• [Problem]: Repeat exactly the stretch of lines that starts with the one containing "Součástí stavby je" and ends with the last line of the material. Leave out pictures.

• [Dataset excerpt]:

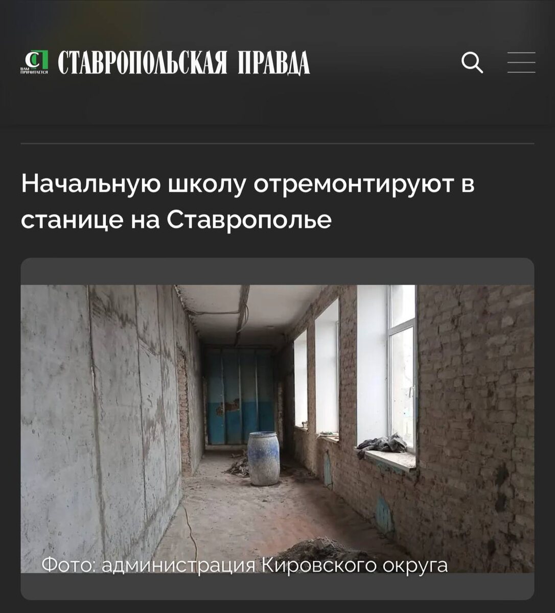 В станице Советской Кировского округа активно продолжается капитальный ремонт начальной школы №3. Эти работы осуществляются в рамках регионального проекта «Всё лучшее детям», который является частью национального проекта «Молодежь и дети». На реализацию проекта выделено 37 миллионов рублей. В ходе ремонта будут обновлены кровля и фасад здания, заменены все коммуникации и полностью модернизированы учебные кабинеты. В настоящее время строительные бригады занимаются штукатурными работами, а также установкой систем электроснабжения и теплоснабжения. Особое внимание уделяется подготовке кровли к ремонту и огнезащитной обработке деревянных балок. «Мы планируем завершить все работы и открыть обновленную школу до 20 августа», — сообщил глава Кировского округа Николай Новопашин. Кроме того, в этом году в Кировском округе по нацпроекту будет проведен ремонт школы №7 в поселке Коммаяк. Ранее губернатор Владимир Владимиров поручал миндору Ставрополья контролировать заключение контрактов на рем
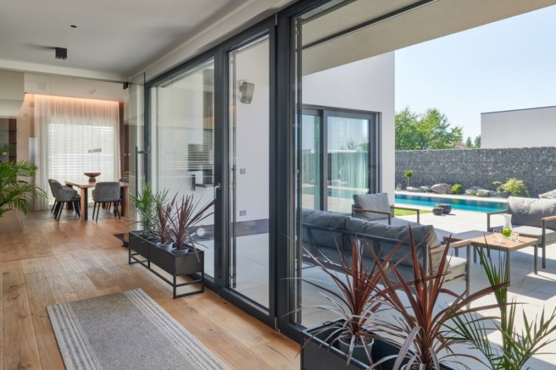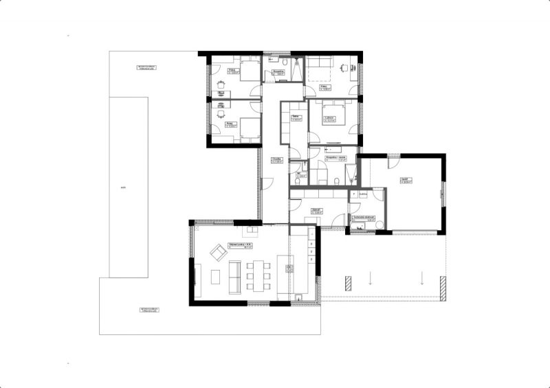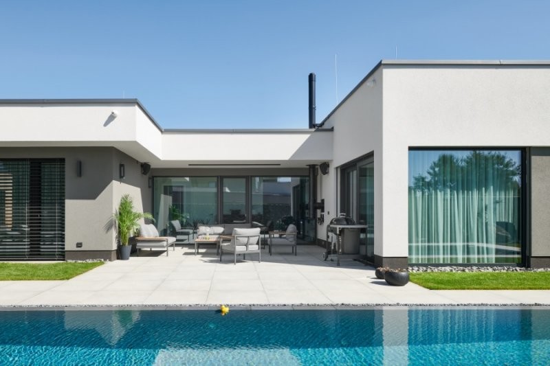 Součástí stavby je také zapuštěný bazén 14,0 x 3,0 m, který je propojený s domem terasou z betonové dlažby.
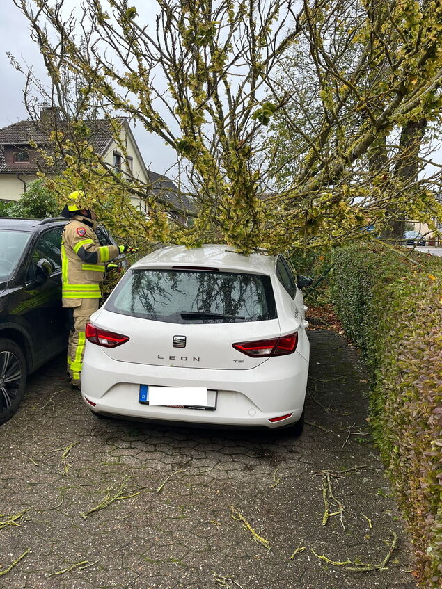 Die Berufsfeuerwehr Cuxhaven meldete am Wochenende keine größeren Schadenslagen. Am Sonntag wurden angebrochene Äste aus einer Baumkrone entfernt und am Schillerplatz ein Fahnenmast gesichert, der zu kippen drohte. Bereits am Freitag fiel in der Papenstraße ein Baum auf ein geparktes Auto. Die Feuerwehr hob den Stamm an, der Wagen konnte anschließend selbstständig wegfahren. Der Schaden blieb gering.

• [Answer for the task]:
 Součástí stavby je také zapuštěný bazén 14,0 x 3,0 m, který je propojený s domem terasou z betonové dlažby.
 Die Berufsfeuerwehr Cuxhaven meldete am Wochenende keine größeren Schadenslagen. Am Sonntag wurden angebrochene Äste aus einer Baumkrone entfernt und am Schillerplatz ein Fahnenmast gesichert, der zu kippen drohte. Bereits am Freitag fiel in der Papenstraße ein Baum auf ein geparktes Auto. Die Feuerwehr hob den Stamm an, der Wagen konnte anschließend selbstständig wegfahren. Der Schaden blieb gering.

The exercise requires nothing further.